-- ABOUT THIS TASK --
Reproduce nothing beyond the line containing "L’accréditation SOAC est". From the first line of the data below down to it, copy each line exactly, without the pictures.

----- RECORDED DATA -----

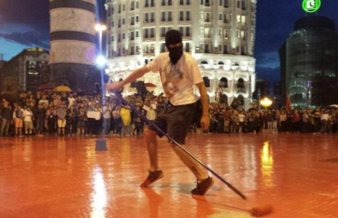 Opozicionari su 2016. godine u Severnoj Makedoniji pozvali građane da se pridruže protestima i akcijama, blokirali su ulice i raskrinice, što se prethodnih dana i nedelja dešava i u Srbiji, a koristili su i farbu crvene boje koja simbolizuje krv, a kojom su gađali zvanične državne institucije.
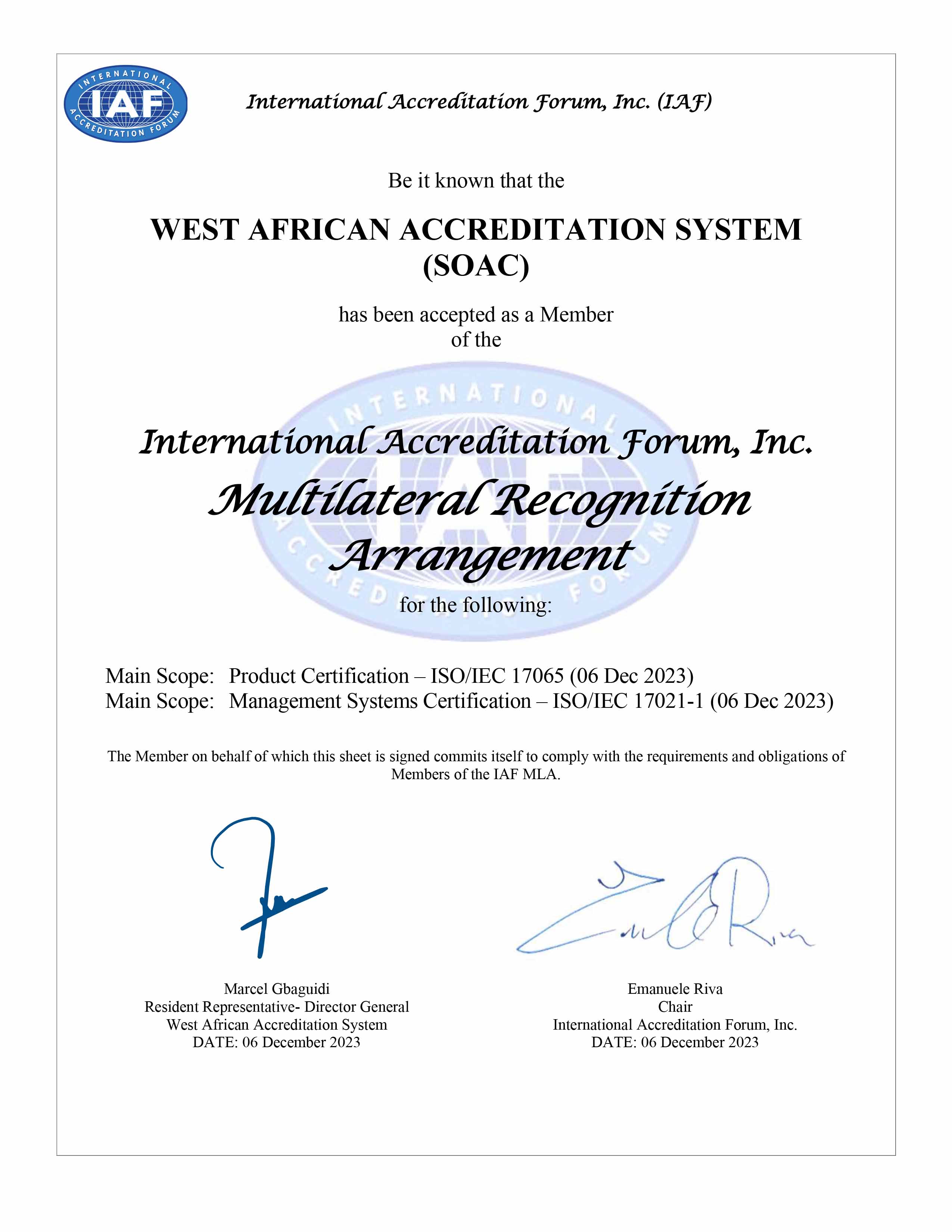 L’accréditation SOAC est une garantie pour la reconnaissance internationale des résultats d’évaluation de la conformité et facilite l’accès aux marchés des produits et services, au niveau national, régional et international. Cette reconnaissance internationale du SOAC est soutenue grâce aux accords multilatéraux de AFRAC, ILAC et IAF dont le SOAC est signataire.
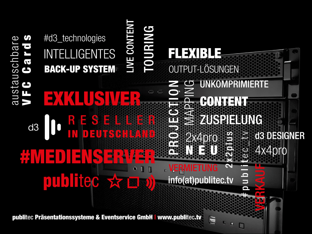 Aufwändige Fassaden-Mappings oder beeindruckende Panorama-Projektionen – für die Medienserver von d3 Technologies kein Problem. Auf www.publitec.tv/d3-medienserver präsentieren wir weitere Vorteile der d3-Maschinen. Aber schauen Sie selbst, denn manchmal sagen Bilder mehr als Worte …

-----

-- OUTPUT OF THE TASK --
 Opozicionari su 2016. godine u Severnoj Makedoniji pozvali građane da se pridruže protestima i akcijama, blokirali su ulice i raskrinice, što se prethodnih dana i nedelja dešava i u Srbiji, a koristili su i farbu crvene boje koja simbolizuje krv, a kojom su gađali zvanične državne institucije.
 L’accréditation SOAC est une garantie pour la reconnaissance internationale des résultats d’évaluation de la conformité et facilite l’accès aux marchés des produits et services, au niveau national, régional et international. Cette reconnaissance internationale du SOAC est soutenue grâce aux accords multilatéraux de AFRAC, ILAC et IAF dont le SOAC est signataire.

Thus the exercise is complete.